WORK REQUIRED> Retype every line from the start of the data down to and including the line with "In terms of". Skip the pictures.

DATASET CONTENT>
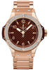Hublot Big Bang Cappuccino Watch 38mm 18K red gold case, 18K red gold bezel set with 126 diamonds (0.87ct), brown composite resin lateral inserts and bezel lugs, chocolate carbon stamped dial, quartz HUB 2900 movement, 18K red gold bracelet. Water resistant to 100 meters.
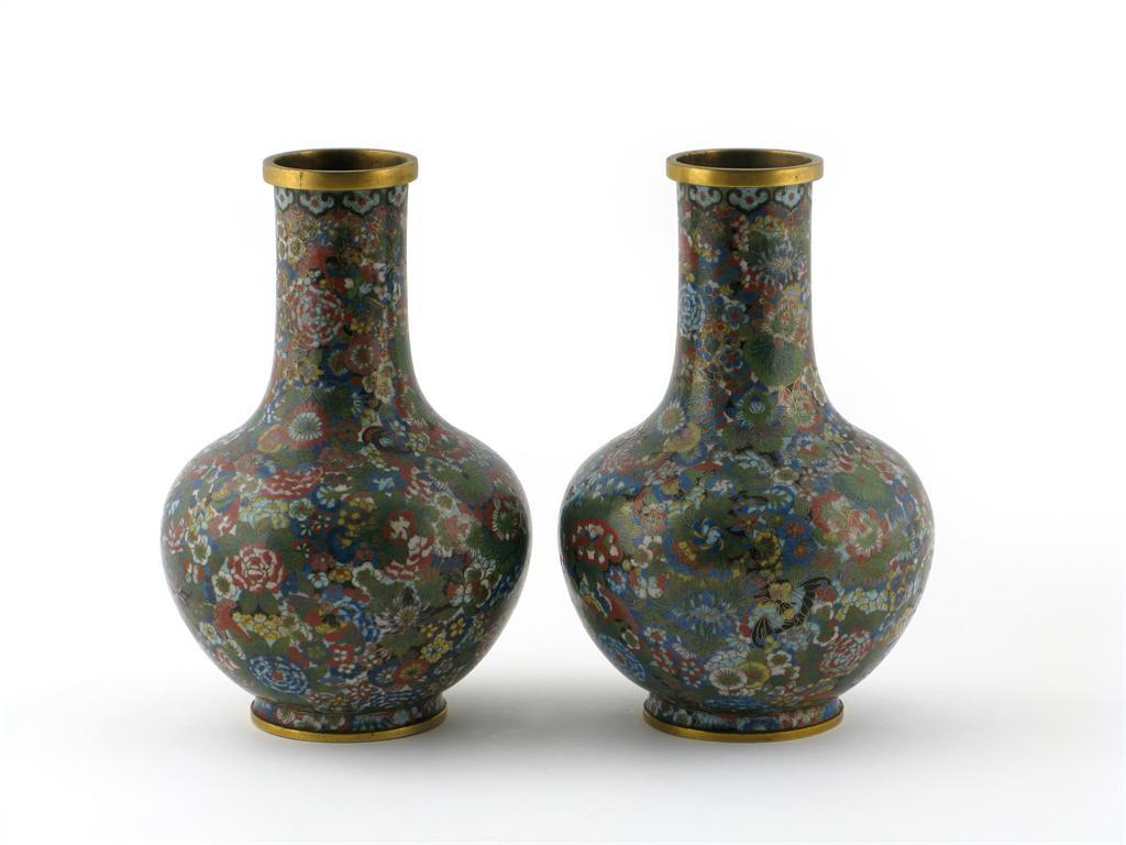 A pair of Chinese cloisonné bottle vases 19th century, decorated with a millefleurs design, 26.5cm. (2)
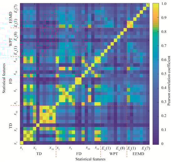 In terms of statistical features in the TFD, most features calculated by the WPT and EEMD have a lower correlation with each other due to frequency decompositions of the vibration signals. Therefore, statistical features with lower correlations in the TFD have better independence than features in the TD or FD.
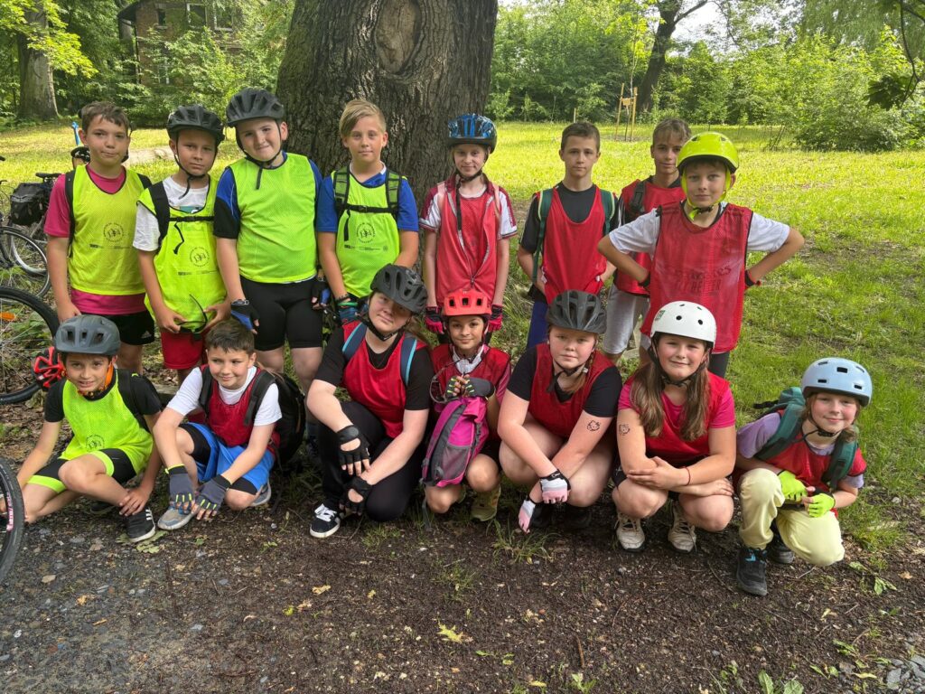 Úterní ráno nás probudilo poněkud podmračenou oblohou, nicméně nám to nebránilo připravit se na další etapu našeho kurzu. Tentokrát nás čekaly rozhledny a vyhlídky v okolí Kornowace. Vyjeli jsme krátce po deváté hodině a zakrátko jsme byli na vyhlídce Bociek. Pravda, není to klasická rozhledna, protože se nachází v údolí a je vysoká asi 8 metrů, ale je krásná. Navíc zde došlo ke klíčovému rozhodnutí, zda pojedeme po naplánované trase a budeme riskovat nějakou tu louži na cestě nebo se vrátíme na asfaltku. Z pochopitelných důvodů jsme šli za dobrodružstvím a zahájili soutěž o největšího bahňáka, do níž se hlavně kluci zapojili velmi zodpovědně. Jízdu všichni zvládli, a tak jsme se po 2 hodinách jízdy po loukách dostali k rozhledně v Ratiboři. Zde jsme posvačili a pokračovali k domu Sester Selesiánek, kde jsme si poslechli pohnutý osud této stavby. A pak už nás čekal návrat ke škole. Po obědě jsme odjeli na ubytování, ale ještě před tím jsme vyhlásili výsledky soutěže o největšího bahňáka – vyhrál Vojta. Dnešní vyjížďka měla 12,7 km a proběhla bez deště. Ale nebojte! Vydatně jsme zmokli při cestě na sportovní odpoledne, kdy měly stěrače na autobuse co dělat, abychom viděli na cestu. Když jsme skončili po dvou hodinách badmintonu, přehazované, ringa a stolního tenisu nebo stolního fotbalu, čekalo nás venku azurové nebe a krásné teplo, takže jsme se rozhodli jít po večeři ještě na zmrzlinu. Vše se podařilo a tak jdeme spát s pocitem dobře vykonané práce.

TASK RESULT>
Hublot Big Bang Cappuccino Watch 38mm 18K red gold case, 18K red gold bezel set with 126 diamonds (0.87ct), brown composite resin lateral inserts and bezel lugs, chocolate carbon stamped dial, quartz HUB 2900 movement, 18K red gold bracelet. Water resistant to 100 meters.
 A pair of Chinese cloisonné bottle vases 19th century, decorated with a millefleurs design, 26.5cm. (2)
 In terms of statistical features in the TFD, most features calculated by the WPT and EEMD have a lower correlation with each other due to frequency decompositions of the vibration signals. Therefore, statistical features with lower correlations in the TFD have better independence than features in the TD or FD.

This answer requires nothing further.